Diyarbakır’da yeni bir deprem riski var mı?

Bilim Akademisi kurucu üyesi ve Yer Bilimci Prof. Dr. Naci Görür, Diyarbakır’ın deprem riski altında olmadığını söyledi.

Prof. Dr. Naci Görür, Diyarbakır’ın bir fay üzerinde kurulmadığını ancak Doğu Anadolu Fay Hattı’nın üreteceği olası depremlerin tehdit oluşturabileceğini vurguladı.

Diyarbakır’da zemin etütlerine dikkat edilmesi ve sağlam binaların inşa edilmesi durumunda ciddi bir risk olmadığını kaydeden Prof. Dr. Naci Görür, özellikle vadilerde, daha önce deprem geçirmiş olan Lice ilçesinin içerisinde yapılaşmaya gidilmemesi gerektiğini vurguladı.

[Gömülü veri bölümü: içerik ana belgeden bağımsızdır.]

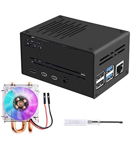 Pour Raspberry Pi Low-Profile CPU Cooler Kit pour Raspberry Pi 4 modèle B; Version noire.Caractéristiques du ventilateur: ventilateur LED de couleur avec changement de couleur automatique; Dissipateur thermique de style tour à pile unique; Alimentation cc 5V (peut être alimenté par le pour Raspberry Pi); Seul ventilateur.Caractéristiques du boîtier en métal: il offre non seulement une bonne protection à votre Raspberry Pi et offre également une excellente dissipation thermique. Seul étui.Tube en cuivre de 5mm; Super dissipation thermique; Plug and play; Puissance nominale 0.4W 5V, 0,08aCouleur: noirMatière: métalContenu de l'emballage:1 * coque en métal1 * refroidisseur de tour de glace1 * ensemble de vis1 * tournevisRemarque: la carte Raspberry Pi n'est pas incluseSeul le contenu de l'emballage ci-dessus, les autres produits ne sont pas inclus.Remarque: la prise de vue légère et les différents affichages peuvent rendre la couleur de l'article dans l'image un peu différente de la réalité. L'erreur de mesure autorisée est de +/- 1-3cm. ...

Diyarbakır’da alüvyal zeminlere bina yapılmaması gerektiği uyarısını yapan Prof. Dr. Naci Görür, “Diyarbakır’ın içinden, yanından, çok yakınından geçen faylar yoktur. Bir Karacadağ’da volkana neden olan Kuzey-Güney yönlü kırık vardır. Yani öyle çok fazla aktif fay yok. Dolayısıyla emniyettedir. Görece olarak Diyarbakır fazla riskli değildir” ifadelerini kullandı.

Diyarbakır 6 Şubat depremlerinden etkilenen 11 ilin arasında yer alıyordu. İlde birçok bina yıkılmış ancak diğer illere göre büyük can kaybı ve hasar yaşanmamıştı.

Prof. Dr. Naci Görür, katıldığı “Depreme Dirençli Kentler Diyarbakır Çalıştayı”nda Rûdaw Diyarbakır muhabiri Abdulselam Akıncı‘nın Diyarbakır ve deprem konusundaki sorularını cevapladı.

-‘Deprem dirençli kentler oluşturun’ dediniz. Çağrınız karşılık buluyor mu?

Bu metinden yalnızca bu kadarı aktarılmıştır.